Maybe I should skip version 1.5 and check out Flex 2 at their Labs site.

Rescue me!

I continue to be impressed with the Windows tools in Helix, but have decided that it is really geared more toward criminal forensics than data recovery (it’s even got a chain of custody PDF).

I went back to DistroWatch.com and discovered a different category in the distribution search that appears more appropriate: Rescue. See my wiki for more details.

Helix & Knoppix

Well, I’m not sure where I got the previous information, but Helix is based on Knoppix. What really surprised me, however, is its windows support. After burning the CD, I stuck it back into my computer running Win XP, and it launched an application that could be used to research (and hopefully fix) a problem. I did have a problem shutting down the application — it repeatedly asked me whether I wanted to write a log file, but it finally quit after I said no 5-10 times.

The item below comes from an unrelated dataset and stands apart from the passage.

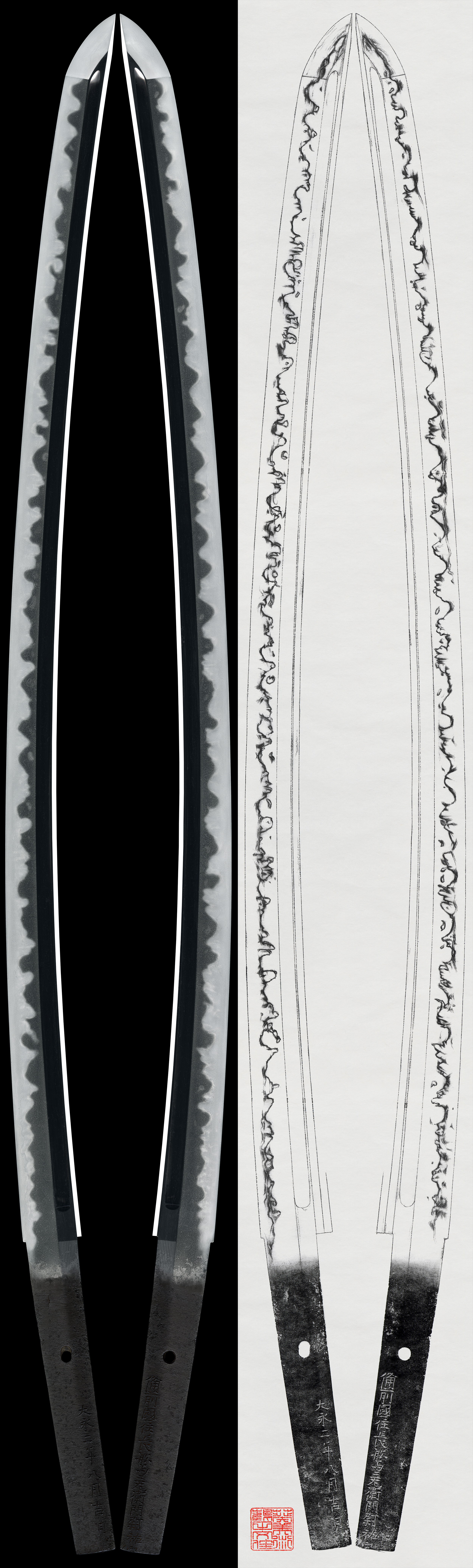 Wide-bodied with thick kasane, carved bohi on both sides, deep curvature, and extended kissaki, forming an excellent overall shape.

I also booted from the CD, but didn’t do much there. I browsed around and saw that the forensics tools were very prominent; I launched Autopsy, but quickly discovered that I needed to RTFM before I went much further.

Linux Forensics

I stumbled on Knoppix STD, and since I had used Knoppix (Linux that will run from CD), I was curious what the STD stood for. Don’t worry, it’s not contagious. It is a variation of Knoppix designed for security & forensics. I searched DistroWatch and discovered a few more distributions designed for forensics:

All but Helix are derived from Knoppix, but they’re all live CDs, so they can be used without installing anything on the computer, and they include tools to analyze (and hopefully fix) an ailing system.

Macromedia Flex

Macromedia has a Flash tool designed to work with web services and other Java technologies, called Flex. As it turns out, it’s been out a while, but I just became aware of it with the public alpha of Flex 2. Here are a few (probably old) reviews:

  • Infoworld
  • Java Boutique
  • The Open Sourcery
  • And if I’m reading the FAQ correctly, they have a non-commercial license with a free copy of the IDE. This warrants further investigation…

    Linux Distributions

    I never realized how many Linux distributions there were until I saw DistroWatch.com. Recently I found a Distribution Chooser — it only includes 14 distributions right now, but most of the top 10 are in there.

    Debian Observations

    Ok, so I’ve had it installed for less than a day, and I’ve got very little actually installed on it, but I’ve noticed a few things:

  • Grub is very cool. Not something the average consumer would want to mess with, but a great geek tool for controlling startup.
  • I may not have noticed this if not for Grub, but the brand new stable release of Debian, named sarge, uses a Linux kernel that’s a year old instead of a newer stable kernel. I’m sure they’ve got their reasons; I know that just because the 2.6 kernel is considered stable doesn’t mean it won’t cause problems in the Debian distribution. Or it could be just fine; true stability takes time to discover. I was just surprised…
  • Knoppix seemed much better at identifying hardware and installing appropriate drivers. I never had to tell it what type of video card I had or when I was attaching my external firewire drive. When I booted, it just recognized them and got them running. (I haven’t tried the firewire drive yet, but on my first installation I was asked what video chipset I had. I took a guess but based on the fact that XWindow support couldn’t start, I guess I got it wrong).
  • Installing Debian

    Well, Debian 3.1 (sarge) is up and running, with a dual boot to Windows XP Professional. This post is pretty long and detailed, so read more only if you want that kind of detail.
    Read more…

    For my next trick…

    The hard drive on my Dell died (which is a whole separate story that I had hoped to tell, but may never get around to it). For the past few weeks, I’ve been running Knoppix on that computer. I started using Knoppix in an attempt to recover some of the data from the hard drive, but last week I even disconnected the drive and have been using the computer without a hard drive (the last time I did that was before Windows 3.1, I think).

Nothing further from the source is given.